Develop or extend harmful forms of surveillance. For example: could it be used to collect or analyze bulk surveillance data to predict immigration status or other protected categories, or be used in any kind of criminal profiling?
Severely damage the environment. For example: would the application incentivize significant environmental harms such as deforestation, fossil fuel extraction, or pollution?
Deceive people in ways that cause harm. For example: could the approach be used to facilitate deceptive interactions that would cause harms such as theft, fraud, or harassment? Could it be used to impersonate public figures to influence political processes, or as a tool of hate speech or abuse?

2. General Ethical Conduct in Research

Submissions must adhere to ethical standards for responsible research practice and due diligence in the conduct.

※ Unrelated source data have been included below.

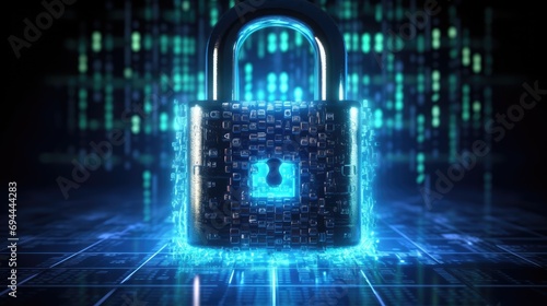Data protection cyber security privacy background, Cyber binary code lock, Lock on binary code, Cyber security and data protection concept.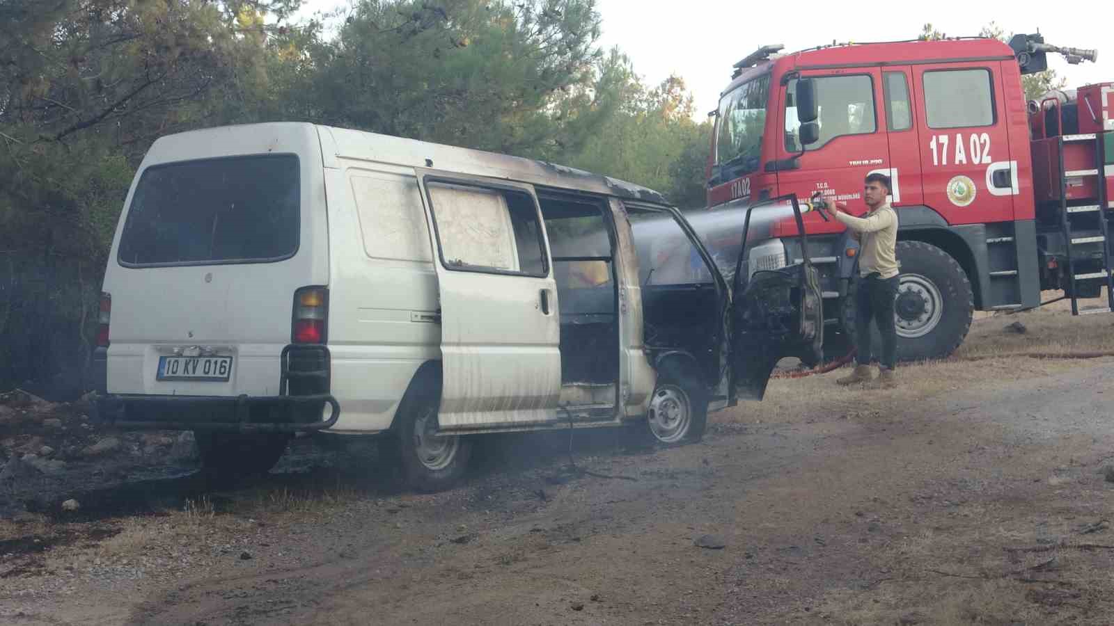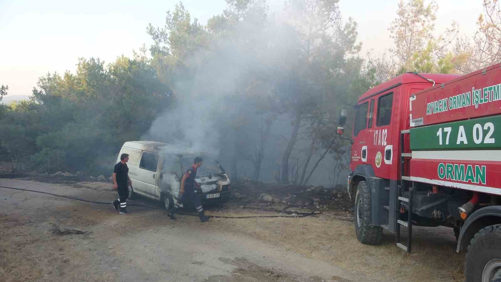 Çanakkale’nin Ayvacık ilçesinde arızalanan park halindeki midibüste çıkan yangın ormana sıçradı. Çıkan yangın erken müdahale ile büyümeden kontrol altına alındı.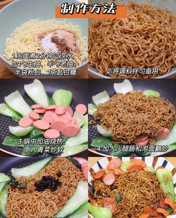 3.鍋中加油燒熱,倒入青菜炒軟,加入火腿腸和泡面翻炒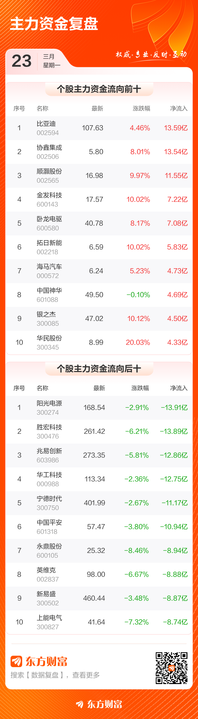 3月23日,沪指跌3.63%,深成指跌3.76%,创业板指跌3.49%。两市成交额2.43万亿,较上个交易日放量1447亿。数据显示,今日大盘主力资金净流出1253.99亿。乘用车、煤炭开采、电机Ⅱ等板块主力资金流入排名居前,其中乘用车净流入15.19亿元。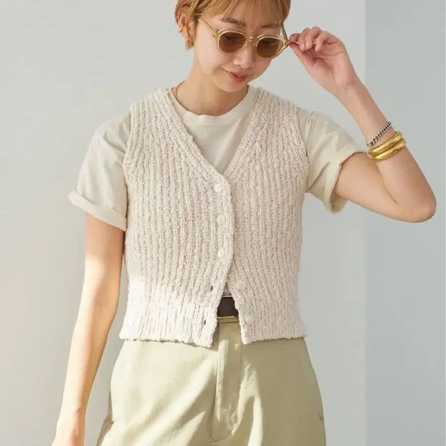 입체감이 있는 짜임이 특징인 로우게이지 니트 베스트.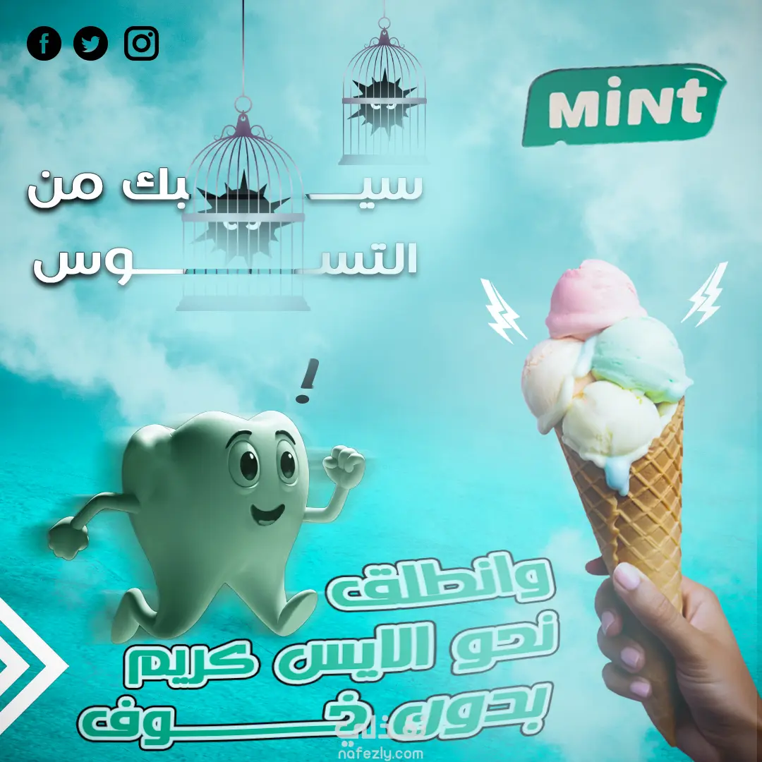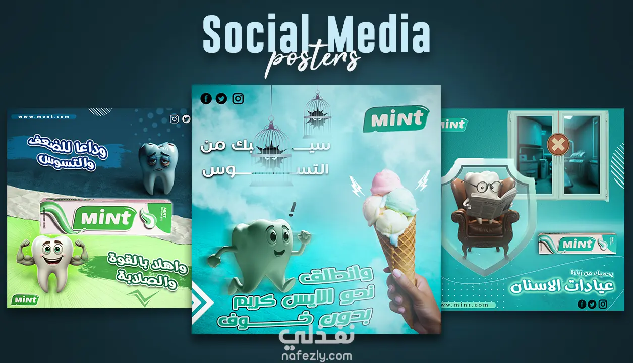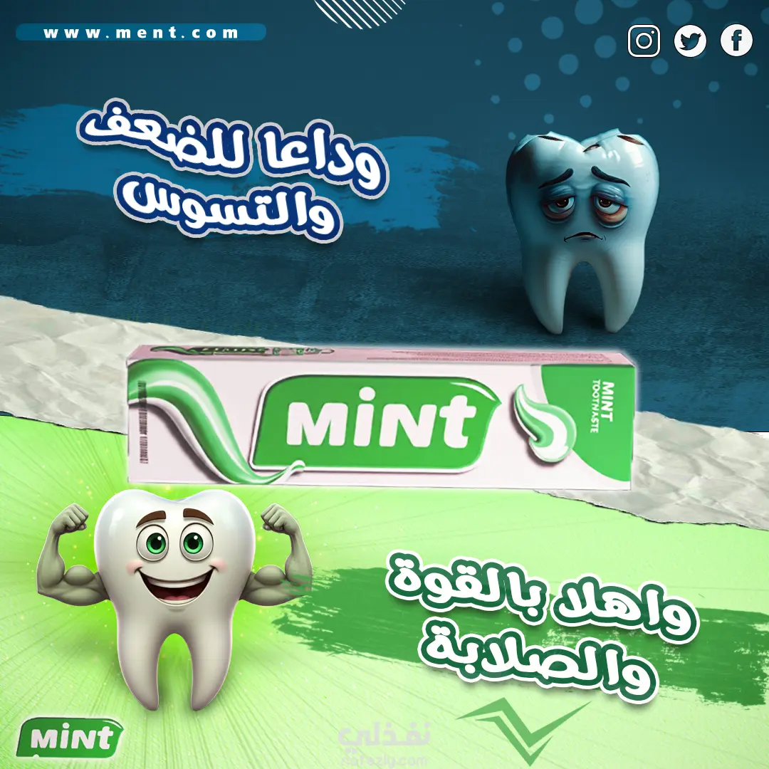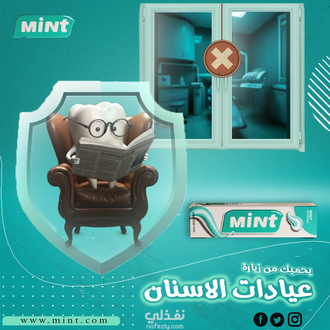 تصميمات سوشيال ميديا احترافية لشركة تصنيع معجون اسنان, الهدف من هذه التصميمات هو الترويج لمنتجات "MINT" للعناية بالأسنان كوسيلة للحفاظ على صحة الأسنان وتجنب مشاكل التسوس وزيارات طبيب الأسنان، وذلك بأسلوب مرح وتفاعلي.

If the research uses human-derived data, consider whether that data might:

Contain any personally identifiable information or sensitive personally identifiable information. For instance, does the dataset use features or label information about individual names? Did people provide their consent on the collection of such data? Could the use of the data be degrading or embarrassing for some people?
Contain information that could be deduced about individuals that they have not consented to share. For instance, a dataset for recommender systems could inadvertently disclose user information such as their name, depending on the features provided.
Encode, contain, or potentially exacerbate bias against people of a certain gender, race, sexuality, age, nationality or who have other protected characteristics. For instance, does the dataset represent the diversity of the community where the approach is intended to be deployed? Does the dataset implicitly encode protected attributes through an individual’s residential address, languages spoken, occupation etc?
Contain human subject experimentation and whether it has been reviewed and approved by a relevant oversight board. For instance, studies predicting characteristics (e.g., health status) from human data (e.g., contacts with people infected by COVID-19) are expected to have their studies reviewed by an ethical board.
Have been discredited by the creators. For instance, the DukeMTMC-ReID dataset has been taken down and it should not be used in AutoML Conference submissions. Similarly the following datsets are deprecated by their creators:
- Full version of LAION-5B
- Versions of ImageNet 21k from prior to Dec 2019
- 80 Million Tiny Images
- MS-Celeb-IM
- eDuke MTMC
- Brainwash
- MegaFace
- HRT-Transgender

In general, there are other issues related to data that are worthy of consideration and review. These include:

Consent to use or share the data. Explain whether you have asked the data owner’s permission to use or share data and what the outcome was. Even if you did not receive consent, explain why this might be appropriate from an ethical standpoint. For instance, if the data was collected from a public forum, were its users asked consent to use the data they produced, and if not, why?
Domain specific considerations when working with high-risk groups. For example, if the research involves work with minors or vulnerable adults, have the relevant safeguards been put in place?
Filtering of offensive content. For instance, when collecting a dataset, how are the authors filtering offensive content such as racist language or violent imagery?
Compliance with GDPR and other data-related regulations. For instance, if the authors collect human-derived data, what is the mechanism to guarantee individuals’ right to be forgotten (removed from the dataset)?

This list is not intended to be exhaustive — it is included here as a prompt for author and reviewer reflection.